» Available data:
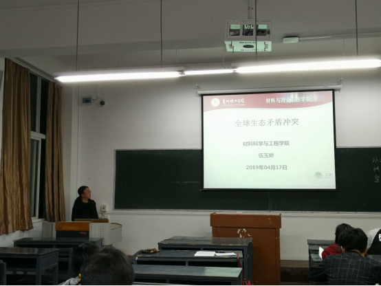 伍院长为大家讲述了全球生态的矛盾冲突,其中主要内容有:全球生态矛盾冲突的内涵、表现形式、根源以及化解矛盾冲突的基本途径;伍院长把这些内容逐一为大家详细分析,让大家了解到当前环境的严重性,呼吁大家应用自己的实际行动来保护我们共同的家园。同时,她给大家讲述了一些只顾发展不注重生态环境的国家遭受的环境的惩罚,致使本国人民受到伤害的事件,比如1956年日本水俣病事件以及1952年的伦敦烟雾事件,这些都让无辜的人民身体健康受到了严重危害。
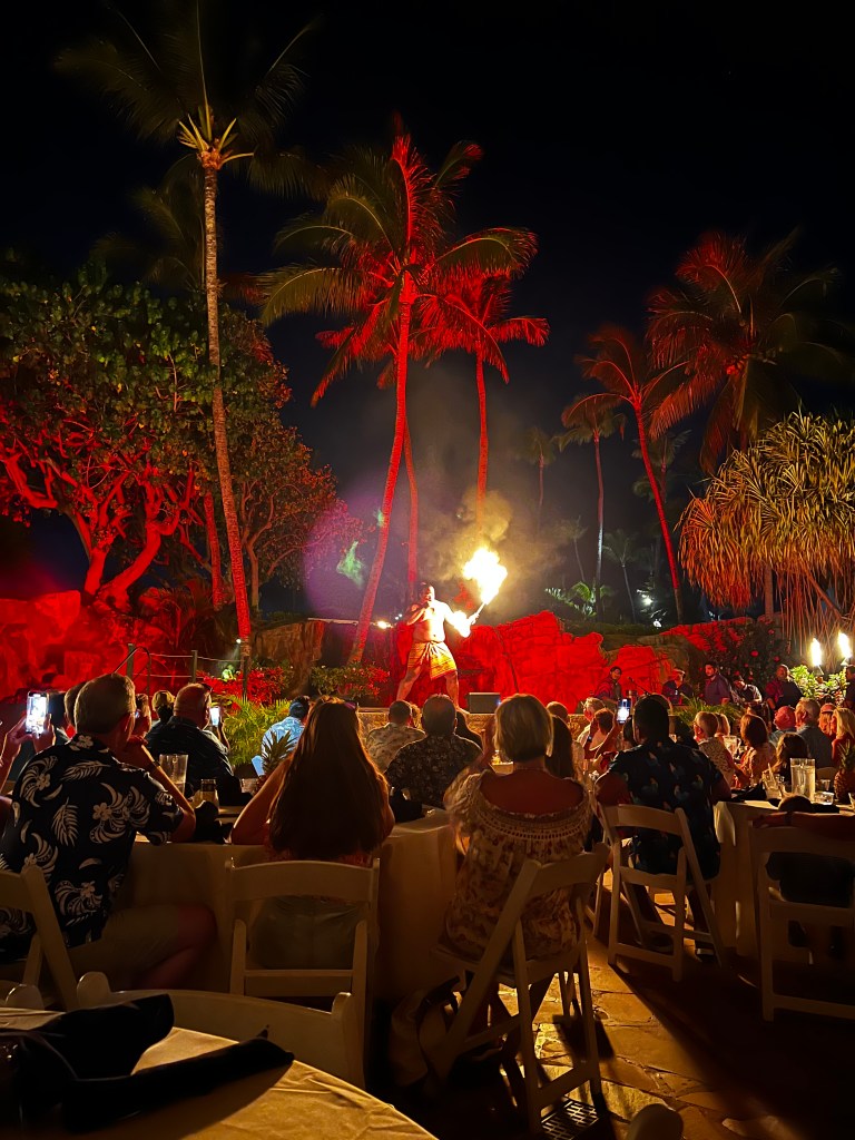 Later in the evening, we met up with Jordan’s family at the Westin Resort for a traditional luau. The food was served buffet style, and there were so many delicious options. We got to try poi, a Polynesian paste made from taro root, which is a major agricultural product on Maui. I’ll admit, it wasn’t my favorite, but I love trying local dishes whenever I can. The real highlight was the show—the dancers were incredible, and the stories they told through hula were mesmerizing. The ceremony leader explained how, before the ancient Polynesians had a written language, they passed down history and stories through dance, which made the performance even more meaningful.
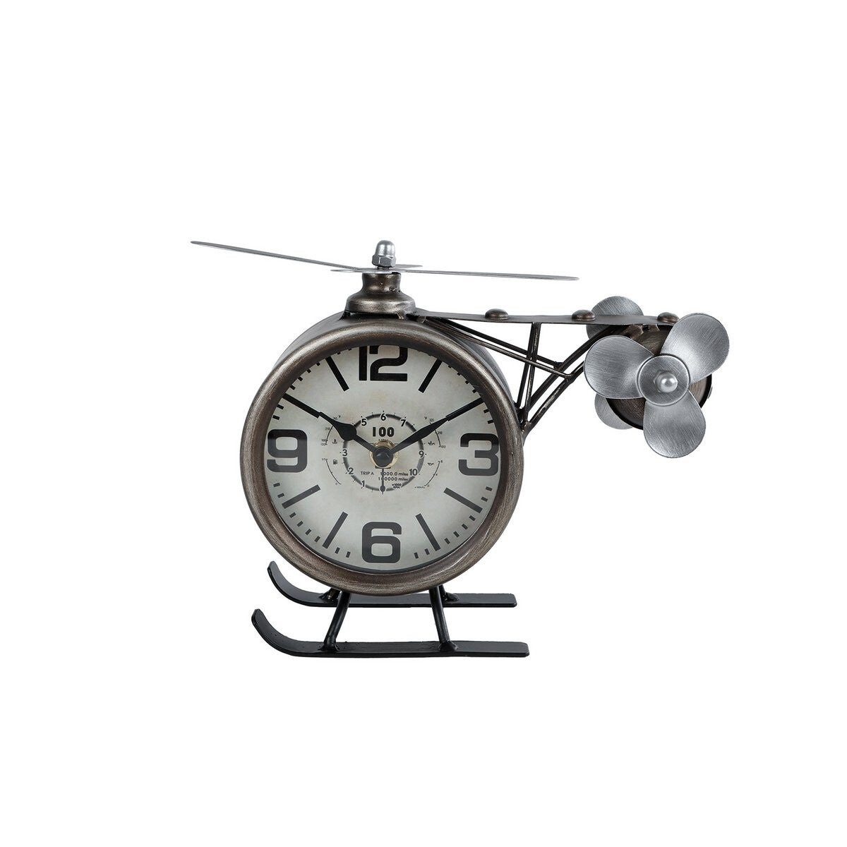 Dit is een elegante klok in de vorm van een helikopter. Het frame is gemaakt van messing metaal, wat een klassieke en tijdloze uitstraling geeft. De wijzerplaat is groot en duidelijk leesbaar, met opvallende cijfers. Het propeller-achtige accent geeft het een vintage-geïnspireerd ontwerp. Deze klok wordt aangedreven door een 1xAA-batterij, waardoor hij eenvoudig te gebruiken is. Het is een prachtig decoratief object dat zowel praktisch als stijlvol is.(cadeau,geschenk,kadootje)

» Instructions for the task:
Keep the pictures out and repeat exactly the lines from the beginning of the data through the line that contains "Later in the", both ends included.

» Completed task:
 伍院长为大家讲述了全球生态的矛盾冲突,其中主要内容有:全球生态矛盾冲突的内涵、表现形式、根源以及化解矛盾冲突的基本途径;伍院长把这些内容逐一为大家详细分析,让大家了解到当前环境的严重性,呼吁大家应用自己的实际行动来保护我们共同的家园。同时,她给大家讲述了一些只顾发展不注重生态环境的国家遭受的环境的惩罚,致使本国人民受到伤害的事件,比如1956年日本水俣病事件以及1952年的伦敦烟雾事件,这些都让无辜的人民身体健康受到了严重危害。
 Later in the evening, we met up with Jordan’s family at the Westin Resort for a traditional luau. The food was served buffet style, and there were so many delicious options. We got to try poi, a Polynesian paste made from taro root, which is a major agricultural product on Maui. I’ll admit, it wasn’t my favorite, but I love trying local dishes whenever I can. The real highlight was the show—the dancers were incredible, and the stories they told through hula were mesmerizing. The ceremony leader explained how, before the ancient Polynesians had a written language, they passed down history and stories through dance, which made the performance even more meaningful.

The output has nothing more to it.